"Clergue fut sans doute le seul témoin de la naissance d'Aphrodite"       cit. Jean Cocteau
Je comprends aujourd’hui combien mon existence a basculé le 7 février 1971, à Châlon-sur-Saône.
Mes yeux d’adolescent découvraient, émerveillés, les photographies de Lucien Clergue, nus de la mer, aux cimaises du musée Nicéphore Niepce.
« Née de la vague » est sans doute le livre auquel je tiens le plus.
***
C’est avec le SEMFLEX 6x6 familial  que je fis mes premiers clichés,  un ZEISS IKON Icarex 35 S  me permit d’user d’un format plus commode, j’appris les joies et les difficultés du développement des films et des tirages papier  auprès des collaborateurs du magasin « AU DEPART »  à Dijon et ai vécu bien des week-ends cloitré  dans le couloir de la chaufferie de la maison, sous les rayons de la lampe inactinique, attendant la révélation de l’image.
Vint le baccalauréat, l'époque où il ne fallait pas songer à des études artistiques dans un milieu tel que le mien.

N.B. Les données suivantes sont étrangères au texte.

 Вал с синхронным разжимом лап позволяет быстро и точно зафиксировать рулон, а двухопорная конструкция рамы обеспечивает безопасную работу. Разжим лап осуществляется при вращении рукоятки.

Par bonheur Jean-Marie Baufle, photographe au Muséum d’Histoire Naturelle du Jardin des Plantes à Paris avait accepté de me recevoir pour évoquer mes souhaits de devenir photographe animalier. Il m'a persuadé de faire des études de biologiste avant toute chose.

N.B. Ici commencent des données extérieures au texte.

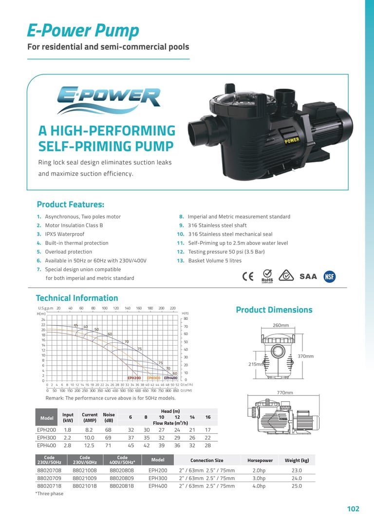 5- مناسب للمسابح الخاصة والتجارية بفضل أدائه العالي

Convaincu, j'ai donc fait des études de biologie. A l'Université de Besançon, dans le Doubs, puis à celle de Neuchâtel, en Suisse. Je suis donc bien biologiste.
***
Pourtant je ne suis pas devenu photographe animalier mais artiste-plasticien. Toujours une affaire de regards et sensibilité finalement.
Retour sur le chemin de la félicité.
C’est un terme commode, plasticien, pour ceux qui refusent le confort et préfèrent se retrouver classer dans plusieurs tiroirs, où les seules parois que l’on rencontre sont définies par nos propres choix.

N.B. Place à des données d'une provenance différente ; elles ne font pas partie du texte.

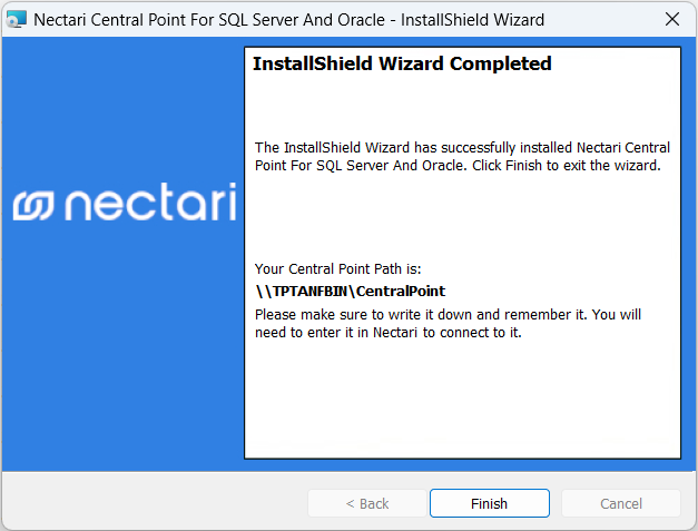 3. Cliquez sur Terminer. L'assistant d'installation indique le chemin de votre Central Point.

Les rencontres de Bernard Buffet & de Paul Rebeyrolle,  les soutiens de peintres Pierre Bichet & Jean-Claude Bourgeois,  la complicité de l’écrivain Pierre Perrin, mon épouse Gabrielle m'ont apporté le terreau indispensable à mes créations réalistes.
Pendant plus de vingt années mes efforts ont surtout porté sur la peinture par les techniques mixtes et sur les estampes, gravures et monotypes, éditions restreintes et livres objets. Sans oublier les carnets d'émotions où les techniques se perdent et s'entremêlent. La magie du noir & blanc, de l’estampe qui se découvre sous les langes de la presse comme celle de la photographie qui se dévoile dans le révélateur sont bien proches l’une de l’autre. Une histoire de papier-rêve.    
***
J'aime.
J'aime tout ce qui marque l'histoire d'un être dans son coeur dans son corps.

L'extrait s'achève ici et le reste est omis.